La supervivencia de esta pintura al óleo sobre un lienzo de aproximadamente 8 metros por 3 metros es fruto de una cadena de actos políticos y transacciones de alta alcurnia, que permitieron que viviera toda una odisea para ser trasladada de los monasterios italianos al museo que la alberga actualmente en Londres, Inglaterra:
- El refugio cartujo (1591 – 1793): Tras salir del taller milanés de Leonardo Da Vinci, la pintura pasó a manos privadas hasta que en 1591 fue adquirida por el Monasterio de la Cartuja en Pavía (Certosa di Pavia). Allí permaneció colgada en el refectorio durante dos siglos, protegida de la luz directa y el vandalismo secular.
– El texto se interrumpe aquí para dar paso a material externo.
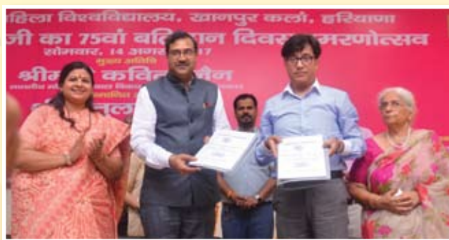
MOU being signed between BPSMV and Haryana Vishwakarma Skill University
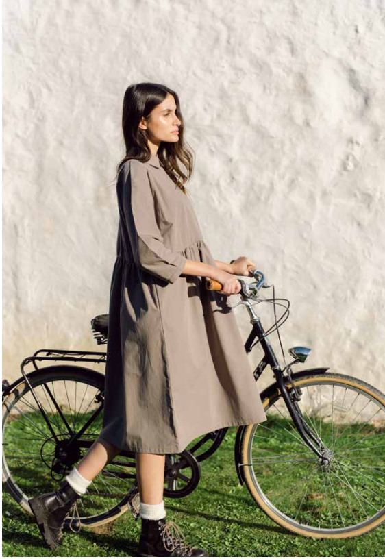
MARGE ORGANIC COTTON DRESS IN OLIVE Also available in Black PREVIOUS: MIRABELLE ORGANIC COTTON DRESS IN NAVY Also available in Camel and Army
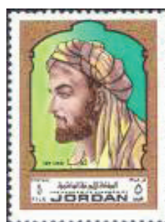
Figure 25. Avicenna, issued by Jordan in 1971
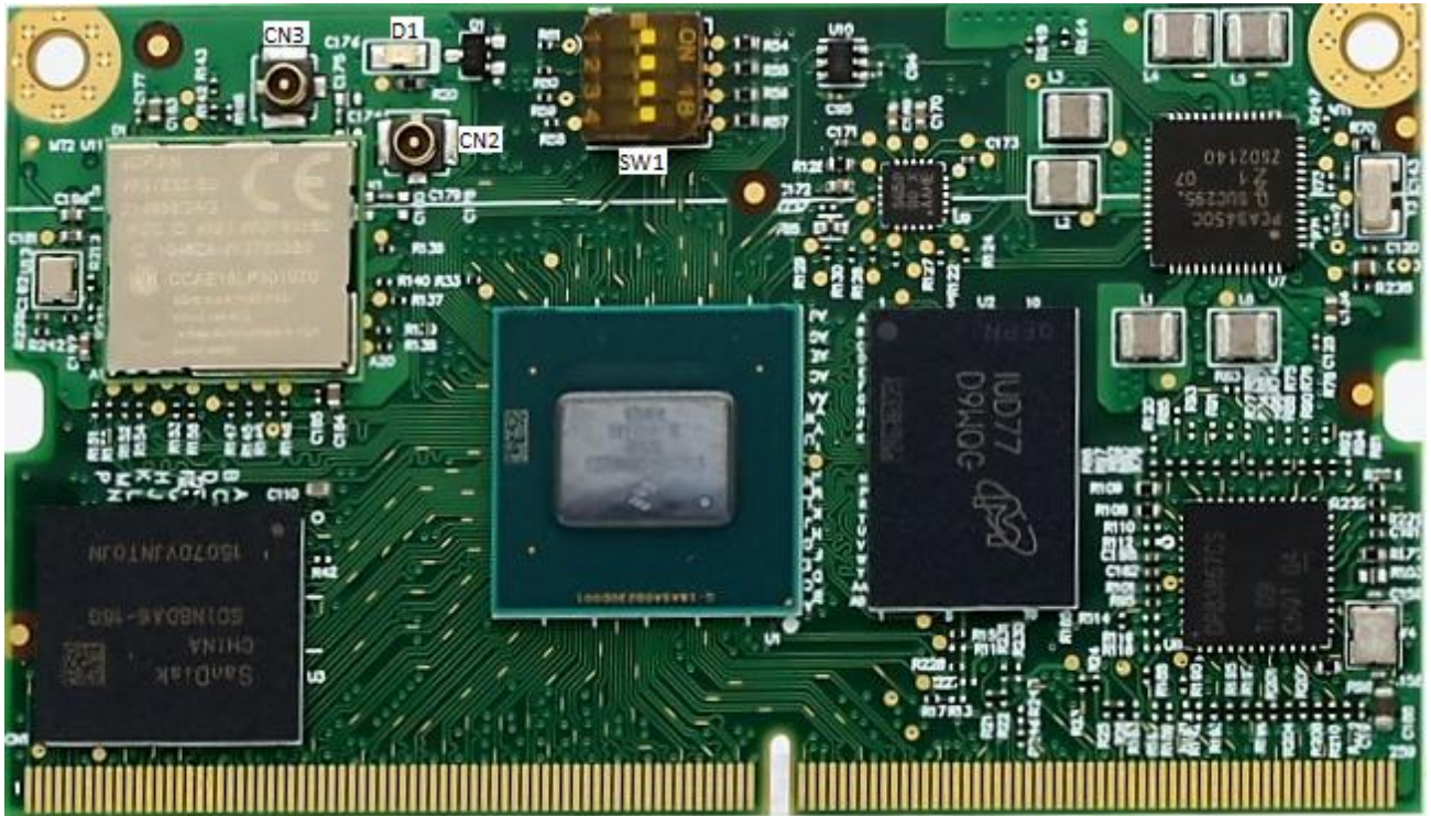
Figure 1-2: VEST i.MX8M Plus SOM Board User Accessible Connector and Dip Switch List

The table below lists the user accessible connectors and dip switch on the VEST i.MX8M Plus SOM Board.
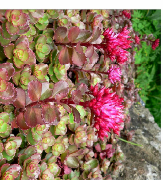
Sedum Spurium Purpureppich
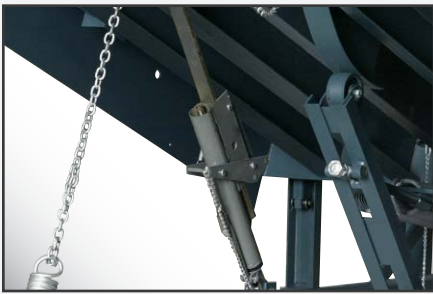
Unique hold-down assembly allows for full float and automatic release capability with air ride trailers.
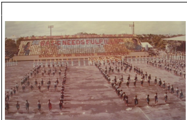
Guyanese Mass Games, 1986

The content of Mass Games in Guyana reflected a distinctly Guyanese appropriation of the North Korean medium. The portrait of Forbes
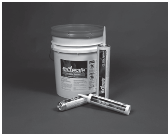
FlameSafe FS 900+ Sealant

FS 900+ can be used in various penetrations and construction/architectural joint configurations. Examples of listed systems include metallic and non-metallic pipes, cable and HVAC penetrations, concrete floor-to-floor, floor-to-wall and wall-to-wall applications, as well as for concrete, CMU and gypsum head of wall applications requiring dynamic joint movement. FS 900+ is a versatile, yet economical solution for a wide range of through-penetration and joint construction conditions.
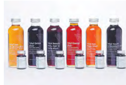
Sephora Health & Beauty Bar
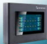
HINODE ADVANCED TECHNOLOGY AND FLEXIBILITY TO MANAGE AIR CONDITIONING AND PROCESS COOLING
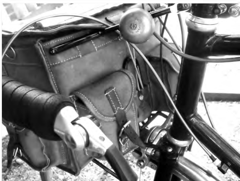
The decal for the front bag features a bell fitting.
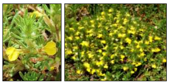
Figure.2 Ajuga chamaepitys subsp. chia var. chia

Ajuga chamaepitys subsp. chia var. chia has 7-15 cm diameter, 4-15 cm height and has a creeping structure (Figure.2). Leaves are 0,4x1,9 cm wedge shaped. Flowers were 0,7x1,2 cm yellow color and were separated from their tip parts. Virgo flowers were 5-15 cm long. It was seen that the vegetation period is 5 months (March-July) and the flowering period is 4 months (April-July).
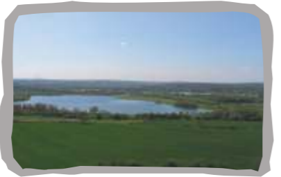
View of Pugneys Country Park from Sandal Castle
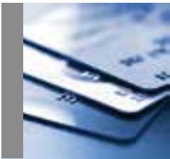
RS Software provides complex solutions in the area of clearing and settlement systems.

Solution: RS Software provides clearing and settlement solutions that handle large transactions in an environment marked by cross-border activity, regulatory changes and payment diversity.

- La incautación austríaca y el paso por Brera (1793 – 1817): Con la llegada de las reformas ilustradas y la posterior supresión de las órdenes monásticas decretada por el Sacro Imperio Romano Germánico (bajo el control austríaco), el cuadro fue confiscado al monasterio. Pasó a custodiarse en los almacenes de la Academia de Bellas Artes de Brera en Milán, donde permaneció expuesta durante años.
- El viaje a Londres y el rescate real (1817 – 1821): En 1817, tras las convulsiones de las Guerras Napoleónicas, la pintura fue enviada a Inglaterra con el propósito de ser vendida al mejor postor en el mercado de arte londinense. Durante cuatro años cautivó a los intelectuales británicos. Finalmente, en junio de 1821, bajo el impulso del célebre pintor Sir Thomas Lawrence, la Royal Academy of Arts reunió a su Asamblea General y pagó la “colosal” suma de 600 guineas a H. Fraville. Fue la adquisición más costosa de la institución en su época.
Una ventana privilegiada al arte sacro del Renacimiento
Más que una simple copia, esta versión de 1507 es considerada por historiadores como un “eco directo” del taller de Leonardo Da Vinci, ya que en ella no solo sobrevive la composición, sino también la intensidad espiritual y narrativa de una escena que refleja lo que pudo ser la última cena que tuvo Jesús con sus discípulos.
Para el fiel católico y el amante del arte, esta obra representa una posibilidad extraordinaria de contemplar La Última Cena no como la ha desgastado el tiempo en aquel muro del convento de Santa Maria delle Grazie, sino como pudo haberla visto el propio Leonardo hace más de cinco siglos al luego de que la terminara.